Criteria for maliciousness can be based on a combined score of maliciousness from both DLP and security analysis and/or based on criteria applied to each of the DLP analysis and the security analysis. For instance, if the DLP analysis or security analysis yield a score below a corresponding threshold score (with a higher score indicating more security and less sensitive data), the QR code can be determined to be malicious. For the DLP analysis, the criteria can instead be whether the redirect web page and/or additional web page comprise sensitive data. Alternatively, if the combined (e.g., summed) score from DLP analysis and security analysis is below a threshold score, then the QR code can be determined to be malicious. If the redirect web page (and, thus, the QR code) is determined to be malicious, operational flow proceeds to block 316. Otherwise, operational flow proceeds to block 314.

At block 314, the QR code filter communicates the response for the initial web page to the web browser. In some implementations, for ease of browsing, the initial web page can additionally or alternatively include the URL of the QR code so that the QR code may be accessed in-browser rather than via a mobile device or other QR code-compatible device. The operational flow in FIG. 3 terminates after block 314.

If a maliciousness determination was made (block 304 or block 312), then the QR code filter and/or web browser performs a remediation action(s) in the web browser based on characteristics of the malicious QR code at block 316. The remediation action(s) is performed for the initial web page and, in some instances, when the redirect web page is subsequently requested at the web browser. The component modifying the initial web page and/or redirect web page can vary between the QR code filter and the web browser by implementation.
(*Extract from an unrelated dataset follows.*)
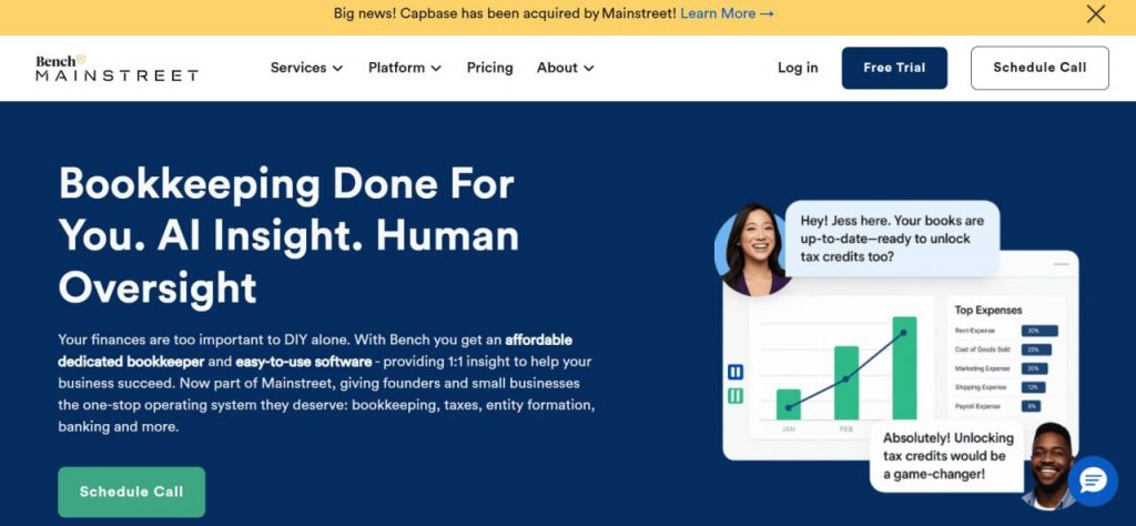 BenchGrow – $189/month (billed annually) or $199/month (billed monthly): For small businesses with under $10K in monthly expenses; includes dedicated bookkeeping experts, monthly books, year-end tax-ready financials, P&L, balance sheet, 1099 reporting, and scheduled communication touchpoints.

In some implementations, the QR code filter can simply indicate the type of remediation action to be performed to the web browser and the web browser can perform remediation action accordingly. In other implementations, the QR code filter can modify the HTTP response(s) for the initial and/or redirect web page according to the remediation action(s) (e.g., by removing the QR code and adding a warning that the QR code was removed) and communicate the modified HTTP response(s) to the web browser, and the web browser can render the HTTP responses(s) without additional operations. Certain remediation actions may have operations that can only be performed in the web browser, for instance remediation actions for previewing the redirect web page when a mouse hovers over the QR code in the initial web page. The operations at block 316 are described in greater detail in reference to FIG. 5. FIG. 5 refers to a web browser as performing each of the described remediation actions for simplicity. As noted above, many of these remediation actions can be partially or wholly performed by the QR code filter.

Subsequent to the operations at block 314 or 316, the QR code filter resumes the session corresponding to the HTTP response for the initial web page that was suspended when the QR code was detected at block 300. The web browser can then process any additional HTTP responses that were queued during the suspension.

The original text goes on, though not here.